§ **Work request**: The answer should hold only the lines from the one containing "Serum Ca levels" through the one containing "7. 启动两个服务 consumer和 provide 去nacos查看是否有" in the entries below, copied exactly, without pictures.

§ **Material provided**:
──────────────────────────────

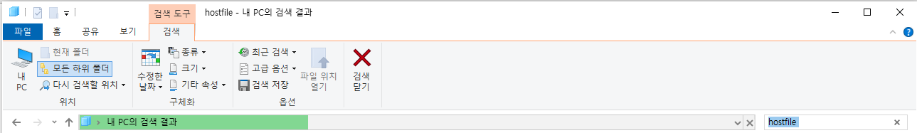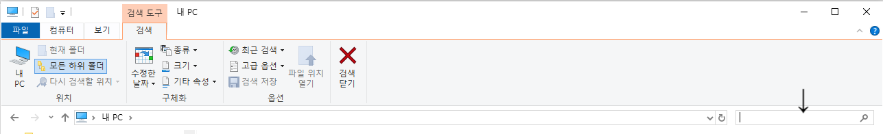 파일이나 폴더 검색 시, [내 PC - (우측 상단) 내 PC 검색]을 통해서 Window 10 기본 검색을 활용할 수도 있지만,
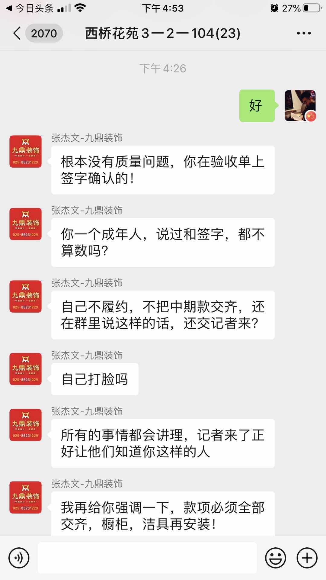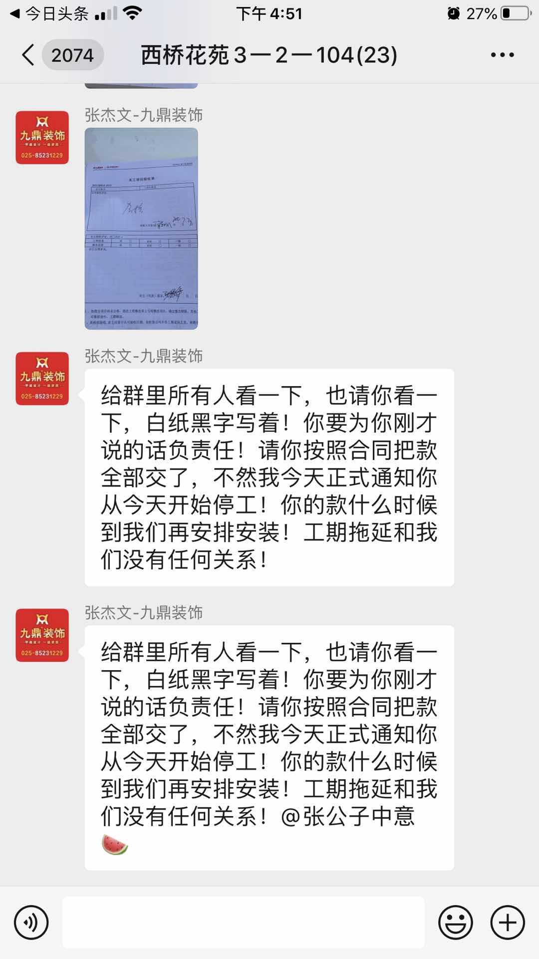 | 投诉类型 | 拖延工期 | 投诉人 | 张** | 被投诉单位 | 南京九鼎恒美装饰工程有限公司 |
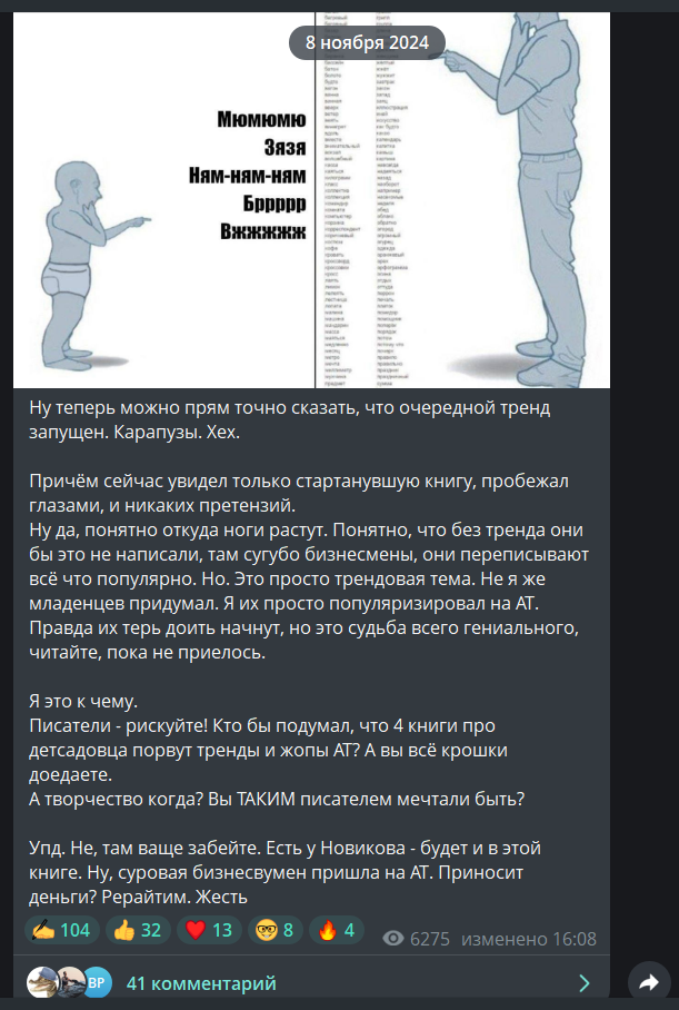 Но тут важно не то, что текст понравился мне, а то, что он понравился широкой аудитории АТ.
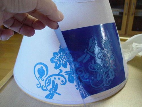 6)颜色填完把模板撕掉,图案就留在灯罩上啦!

──────────────────────────────

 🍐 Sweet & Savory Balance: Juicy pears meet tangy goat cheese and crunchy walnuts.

──────────────────────────────

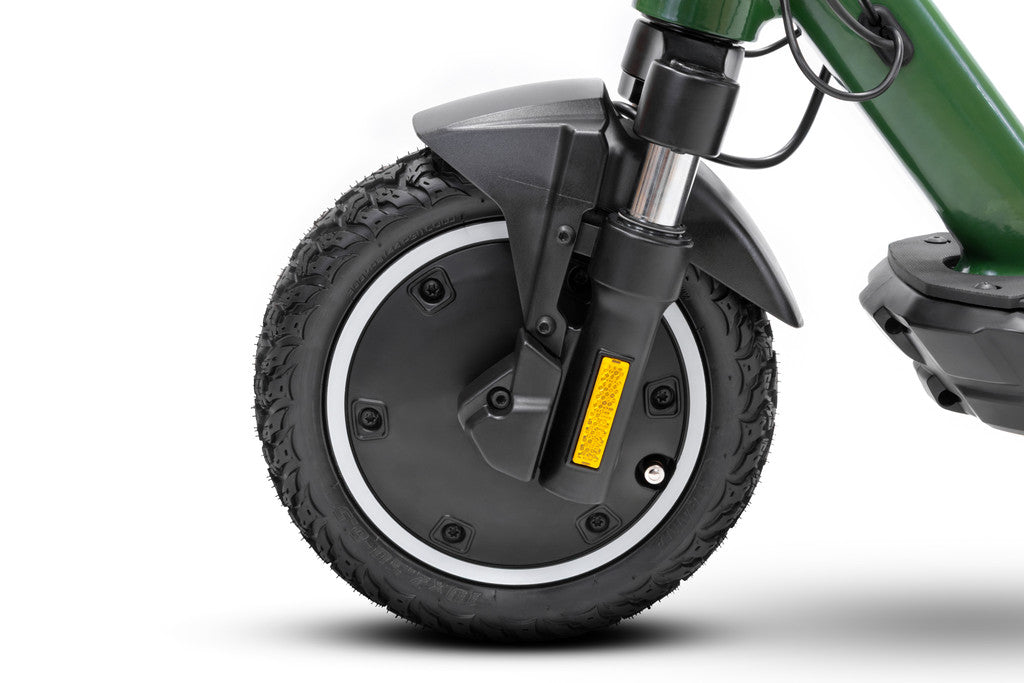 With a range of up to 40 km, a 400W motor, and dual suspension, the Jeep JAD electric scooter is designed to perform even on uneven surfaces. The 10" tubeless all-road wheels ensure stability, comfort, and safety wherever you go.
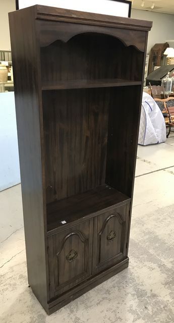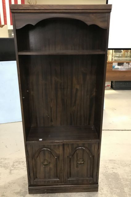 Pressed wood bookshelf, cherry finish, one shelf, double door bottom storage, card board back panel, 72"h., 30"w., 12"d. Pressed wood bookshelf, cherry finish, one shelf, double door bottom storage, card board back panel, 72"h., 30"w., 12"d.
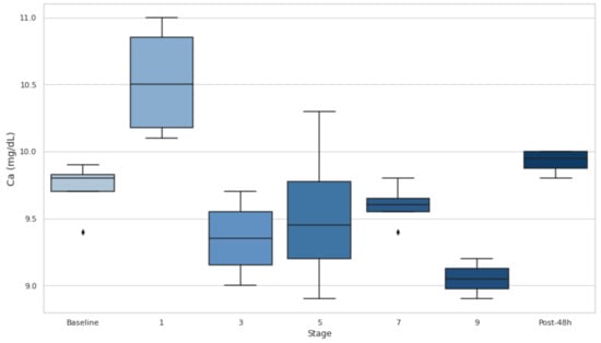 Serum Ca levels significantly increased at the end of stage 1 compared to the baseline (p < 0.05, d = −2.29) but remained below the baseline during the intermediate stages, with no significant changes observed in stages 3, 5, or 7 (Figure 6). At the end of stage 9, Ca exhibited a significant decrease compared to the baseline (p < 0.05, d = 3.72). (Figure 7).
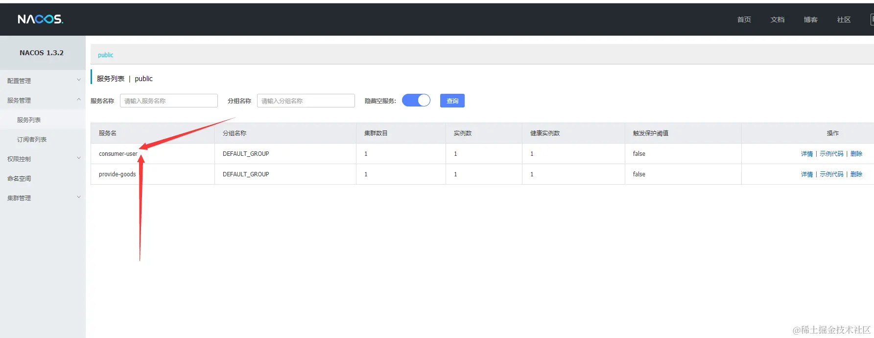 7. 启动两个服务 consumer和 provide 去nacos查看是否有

──────────────────────────────

§ **Task answer**:
 Serum Ca levels significantly increased at the end of stage 1 compared to the baseline (p < 0.05, d = −2.29) but remained below the baseline during the intermediate stages, with no significant changes observed in stages 3, 5, or 7 (Figure 6). At the end of stage 9, Ca exhibited a significant decrease compared to the baseline (p < 0.05, d = 3.72). (Figure 7).
 7. 启动两个服务 consumer和 provide 去nacos查看是否有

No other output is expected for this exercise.